● What you will do
Return the data below in full and exactly, except that the pictures are dropped.

══ Provided material

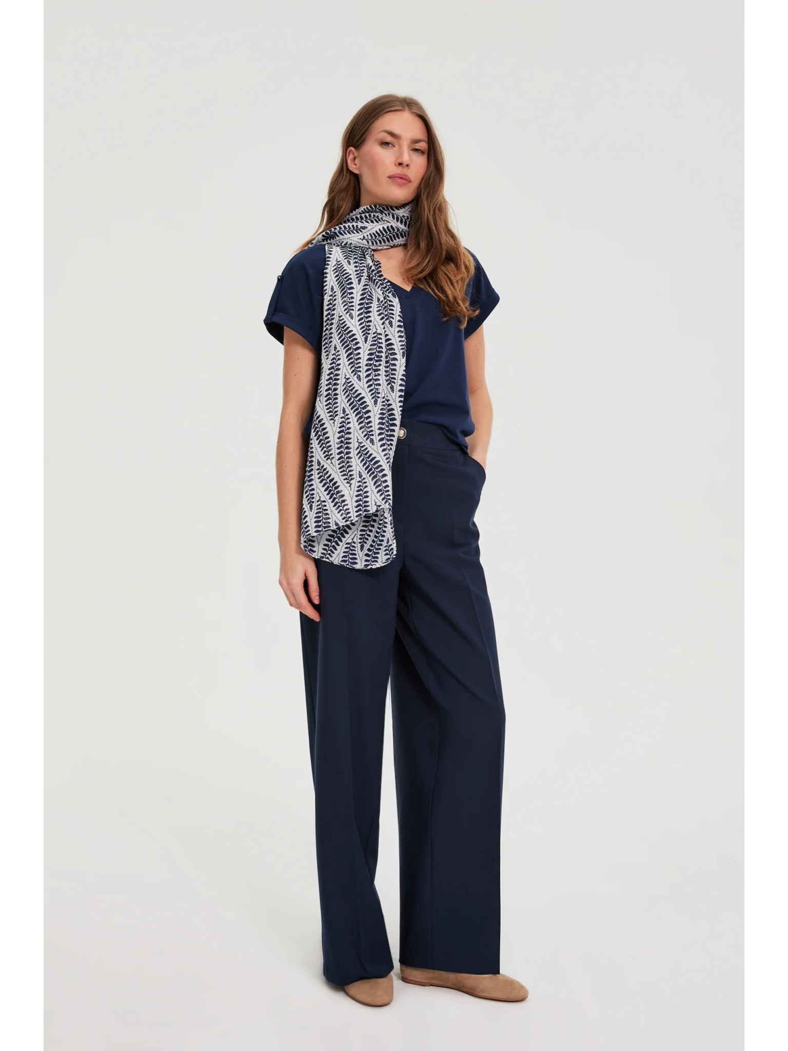 Sötétkék virágmintás sál Moodo
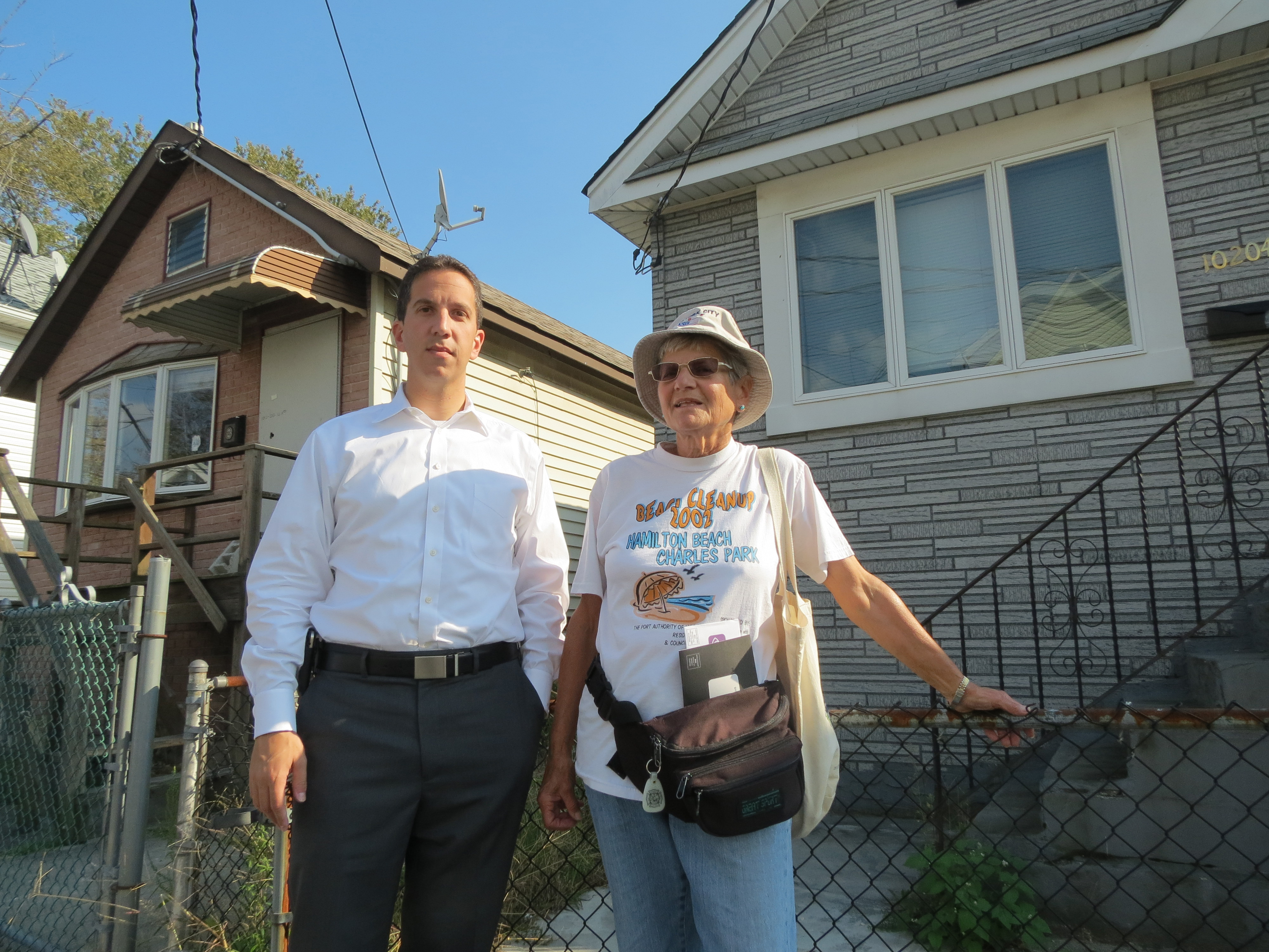 Assemblyman Phil Goldfeder and civic leader Marie Persans stand in front of two abandoned homes on 163rd Road in Hamilton Beach. Anna Gustafson/The Forum Newsgroup
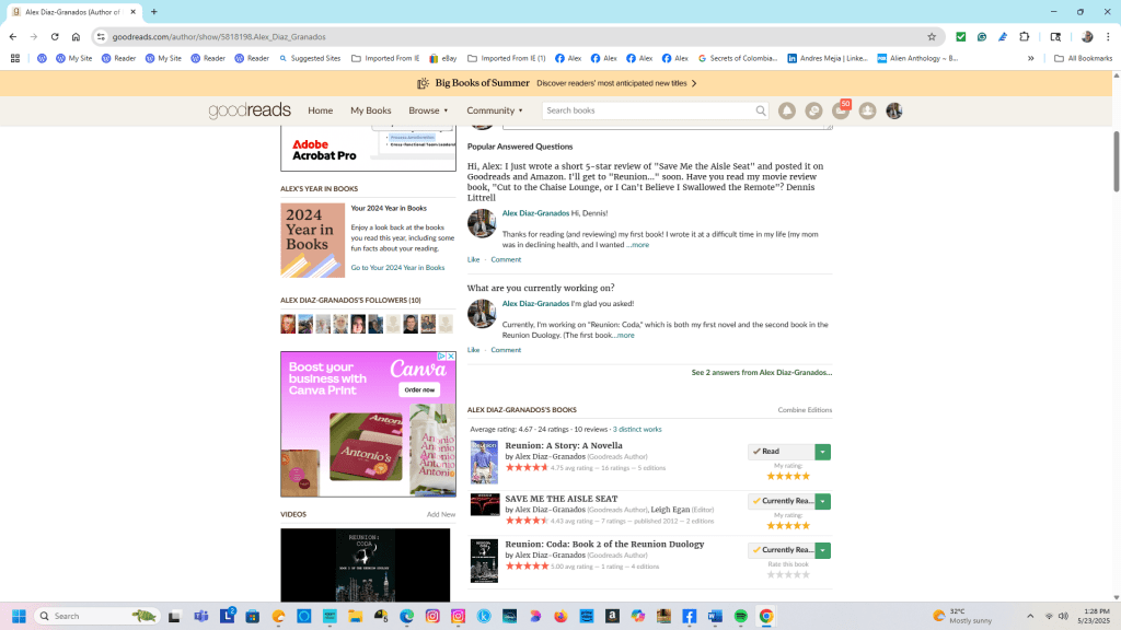 I spent part of my morning working on my Goodreads Author’s page. I added the “Boy of Harvard” promo video for Reunion: Coda that my friends Juan Carlos Hernandez and Adria K. Woomer-Hernandez produced for me a few weeks ago. There it joins the other video they made back in late 2023 – shortly before I moved from Tampa to New Hampshire – for the first book in the Duology, Reunion: A Story. I might add a few more quotes from Reunion: Coda later if I don’t get bogged down with the Kindle Create project I have on the back burner, but at least my author’s page looks like…well…an author’s page!

════

● Exercise solution
 Sötétkék virágmintás sál Moodo
 Assemblyman Phil Goldfeder and civic leader Marie Persans stand in front of two abandoned homes on 163rd Road in Hamilton Beach. Anna Gustafson/The Forum Newsgroup
 I spent part of my morning working on my Goodreads Author’s page. I added the “Boy of Harvard” promo video for Reunion: Coda that my friends Juan Carlos Hernandez and Adria K. Woomer-Hernandez produced for me a few weeks ago. There it joins the other video they made back in late 2023 – shortly before I moved from Tampa to New Hampshire – for the first book in the Duology, Reunion: A Story. I might add a few more quotes from Reunion: Coda later if I don’t get bogged down with the Kindle Create project I have on the back burner, but at least my author’s page looks like…well…an author’s page!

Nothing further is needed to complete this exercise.